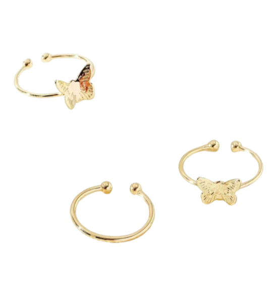 Add a touch of elegance to your summer look with our Gold Butterfly and Band Toe Rings. These shiny and beautiful toe rings are the perfect accessory to showcase your pedicure and add a touch of glamour to your outfit. Made with high-quality materials, these toe rings are durable and comfortable to wear all day long. Elevate your style with our Gold Butterfly and Band Toe Rings and step out in style this season.
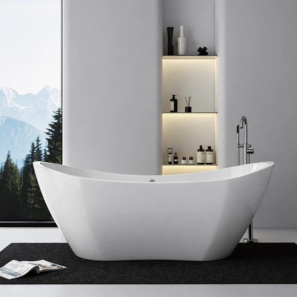 Cadă de baie elegantă, cu design modern și forme fluide, realizată din acril pur de calitate superioară, cu finisaj alb lucios. Dimensiunile generoase oferă un nivel ridicat de confort, fiind ideală pentru băi spațioase și amenajări premium.
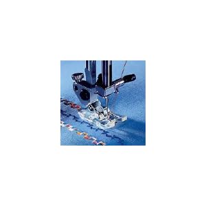 Use the Clearview Foot for an optimal view of your stitches while sewing. This foot has easily visible markings to help you position decorative stitches and borders on your fabric. A special groovy on the bottom allows even densely stitched patterns to be fed perfectly.
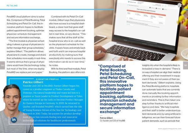 CANADA “Comprised of Petal Booking , Petal Scheduling and Petal On – Call , this innovative platform hopes to facilitate patient appointment booking , optimize physician schedule management and secure information exchange ”
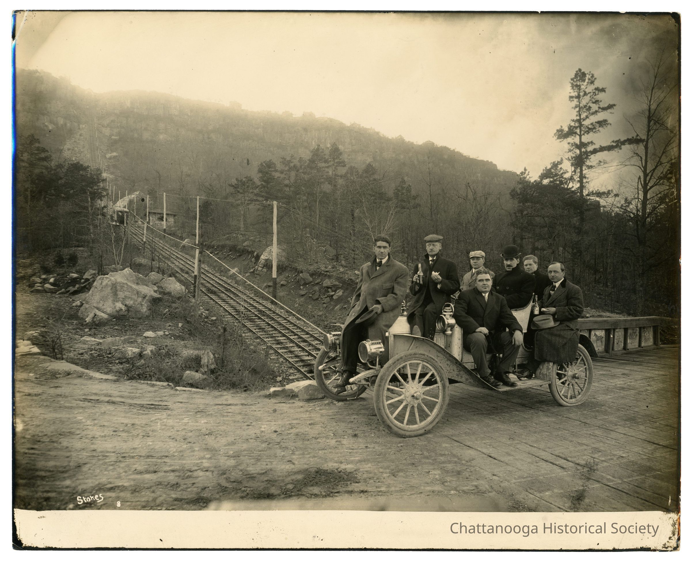 Black and white photograph of a group of seven men sitting in an open touring car on the bridge over the tracks of Incline Number 2. The incline's tracks can be seen extending up Lookout Mountain, with the stop for Battlefield Station in the midground. The rail of the bridge they are parked on has several advertisements for animal feed. Two of the men are eating sandwiches and drinking beer. The photograph is marked "Stokes | 8" at bottom left.Creator
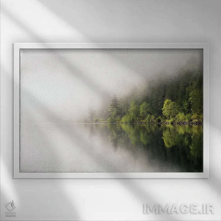 تابلو آمریکا، ایالت واشنگتن، پارک ملی المپیک، دریاچه کرسنت. مه بخشی از دریاچه کرسنت را پوشانده است اثر الن گاف - نمای قاب‌دار سفید

++++++

## [What you are asked to do]
Starting with the first line of the data, transcribe every line exactly through the one containing "Cadă de baie". No pictures go in.

## [Task solution]
 Add a touch of elegance to your summer look with our Gold Butterfly and Band Toe Rings. These shiny and beautiful toe rings are the perfect accessory to showcase your pedicure and add a touch of glamour to your outfit. Made with high-quality materials, these toe rings are durable and comfortable to wear all day long. Elevate your style with our Gold Butterfly and Band Toe Rings and step out in style this season.
 Cadă de baie elegantă, cu design modern și forme fluide, realizată din acril pur de calitate superioară, cu finisaj alb lucios. Dimensiunile generoase oferă un nivel ridicat de confort, fiind ideală pentru băi spațioase și amenajări premium.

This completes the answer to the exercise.